A terminal-based meeting companion with live transcription and AI chat — all within your terminal.

```
┌─────────────────────────────────────────────────────────┐
│                    Meeting TUI                           │
│  ┌──────────────────────┐  ┌──────────────────────────┐ │
│  │  📝 Live Transcript   │  │  💬 Chat                 │ │
│  │                       │  │                          │ │
│  │  [00:01:23] We need   │  │  You: What was decided   │ │
│  │  to finalize the Q2   │  │       about the budget?  │ │
│  │  budget by Friday...  │  │                          │ │
│  │                       │  │  AI: Based on the        │ │
│  │  [00:02:05] I think   │  │      discussion at       │ │
│  │  we should allocate   │  │      00:01:23, the team  │ │
│  │  more to marketing.   │  │      needs to finalize   │ │
│  │                       │  │      the Q2 budget by    │ │
│  │                       │  │      Friday.             │ │
│  └──────────────────────┘  └──────────────────────────┘ │
│  🔴 Recording 00:02:05 │ 🎤 █████░░░ │ Words: 342 │ Segments: 12  │
└─────────────────────────────────────────────────────────┘
```

## Features

- **Live Transcription** — Captures microphone audio, detects speech with Silero VAD, and transcribes in real-time using faster-whisper
- **LLM Transcript Cleanup** — Automatically cleans up raw transcription (fixes grammar, removes filler words)
- **Interactive Chat** — Query the meeting context with AI — ask questions, request summaries, find action items
- **Multiple LLM Backends** — Ollama (local/private), OpenAI, or Google Gemini
- **Auto-save** — Markdown transcript + JSONL sidecar with timestamps, confidence scores, and raw/clean text pairs
- **Rich TUI** — Split-pane interface with live transcript, chat, and status bar with real-time audio level meter
- **Audio Diagnostics** — Live microphone level indicator and automatic warnings when no speech is detected

---

## Quick Start

### 1. Install Prerequisites

**Python 3.11+** is required.

**CI-verified runtime matrix:** macOS + Linux against the minimal supported Python version.
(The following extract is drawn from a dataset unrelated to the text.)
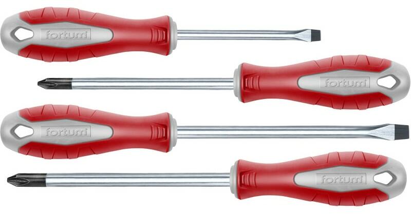 Fortum csavarhúzó készlet (4740920) Jellemzők:4 db / készlet;CrV, mágneses csavarbehajtóval;Lapos: 4 × 75 mm, 6 × 125 mm;PZ: PZ1 × 100, PH2 × 125;Ergonomikus, csúszásmentes markolat;Papír dobozban.

**PortAudio** (audio capture library):

```bash
# macOS
brew install portaudio

# Ubuntu / Debian
sudo apt install portaudio19-dev

# Fedora
sudo dnf install portaudio-devel
```

**An LLM backend** (pick one):

| Backend | Setup | Best for |
|---|---|---|
| [Ollama](https://ollama.ai/) (default) | `brew install ollama && ollama pull mistral` | Privacy, offline use, no API costs |
| [OpenAI](https://platform.openai.com/) | Get API key → set `OPENAI_API_KEY` | High quality, easy setup |
| [Google Gemini](https://ai.google.dev/) | Get API key → set `GEMINI_API_KEY` | 1M token context, best price/performance |

### 2. Install Meeting TUI

**For macOS (Recommended):**
```bash
brew tap dimanngo/meeting-companion
brew install meeting-tui
```
*(This automatically installs PortAudio and Python dependencies)*

**For Linux (or Python developers):**
```bash
pipx install meeting-tui
```

### 3. Run It

```bash
meeting-tui
```

On first launch, the app downloads and loads ML models (~142 MB total for the default `base` model).
You'll see progress in the terminal:

```
Loading VAD model...
Loading Whisper 'base' model...
Models loaded. Starting app...
```

Once the TUI appears, press **Ctrl+R** to start recording — it begins instantly since models are pre-loaded.

---

## User Guide

### Starting a Meeting

1. **Launch the app:**

   ```bash
   uv run meeting-tui --title "Sprint Planning"
   ```

2. **Select your microphone** (if not using the default):

   ```bash
   # List available devices
   uv run meeting-tui --list-devices

   # Output:
   #   [0] DG Microphone (channels: 1)
   #   [1] MacBook Air Microphone (channels: 1) *
   #   [3] Microsoft Teams Audio (channels: 1)
   #   ...
   #   * = default device

   # Use a specific device by index or name (partial match)
   uv run meeting-tui --device 0
   uv run meeting-tui --device "MacBook"
   ```

3. **Press `Ctrl+R`** to start recording. The status bar shows `🔴 Recording` with a running timer and a live audio level meter (`🎤 ████░░░░`).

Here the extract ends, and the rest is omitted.